*** Information given ***
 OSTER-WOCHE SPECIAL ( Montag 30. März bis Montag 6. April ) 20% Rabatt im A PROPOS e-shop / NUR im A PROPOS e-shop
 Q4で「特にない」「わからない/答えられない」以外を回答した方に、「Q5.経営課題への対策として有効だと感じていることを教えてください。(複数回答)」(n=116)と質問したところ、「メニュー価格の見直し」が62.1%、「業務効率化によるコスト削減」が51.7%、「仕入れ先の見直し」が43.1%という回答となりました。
*** End of Information given ***
*** Information given ***
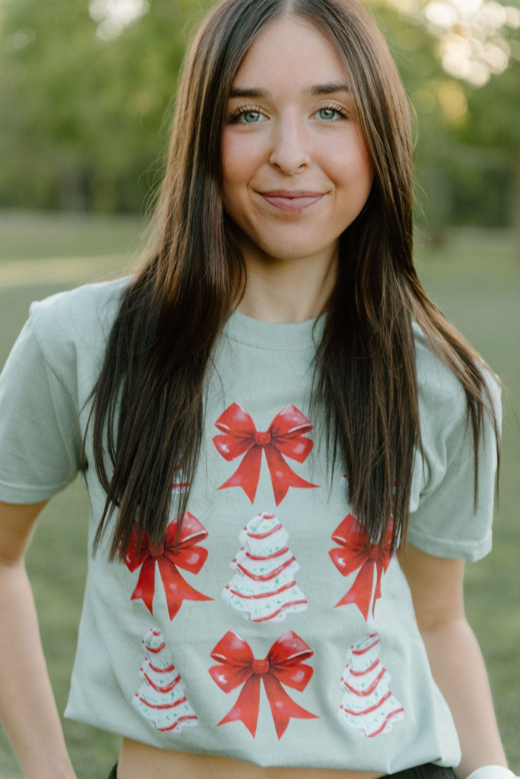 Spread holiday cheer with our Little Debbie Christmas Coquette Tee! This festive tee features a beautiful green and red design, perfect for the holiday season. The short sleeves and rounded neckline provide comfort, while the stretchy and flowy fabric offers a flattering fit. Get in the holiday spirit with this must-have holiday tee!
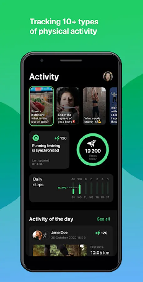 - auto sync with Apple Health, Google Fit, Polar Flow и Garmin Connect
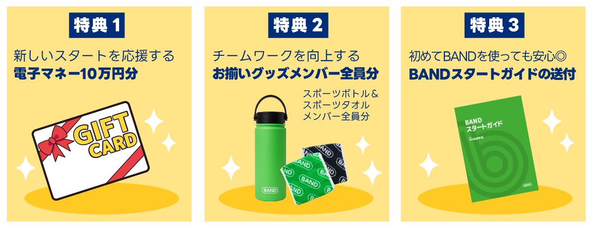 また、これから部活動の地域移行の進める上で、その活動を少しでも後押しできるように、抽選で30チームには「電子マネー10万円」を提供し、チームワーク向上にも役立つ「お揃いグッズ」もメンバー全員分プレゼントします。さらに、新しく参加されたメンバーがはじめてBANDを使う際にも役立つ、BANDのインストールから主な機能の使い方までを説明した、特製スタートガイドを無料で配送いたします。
*** End of Information given ***
Give back, exactly and without pictures, the stretch of the records above from the line containing "- auto sync" through the line containing "また、これから部活動の地域移", with both end lines included.

Result of the exercise:
 - auto sync with Apple Health, Google Fit, Polar Flow и Garmin Connect
 また、これから部活動の地域移行の進める上で、その活動を少しでも後押しできるように、抽選で30チームには「電子マネー10万円」を提供し、チームワーク向上にも役立つ「お揃いグッズ」もメンバー全員分プレゼントします。さらに、新しく参加されたメンバーがはじめてBANDを使う際にも役立つ、BANDのインストールから主な機能の使い方までを説明した、特製スタートガイドを無料で配送いたします。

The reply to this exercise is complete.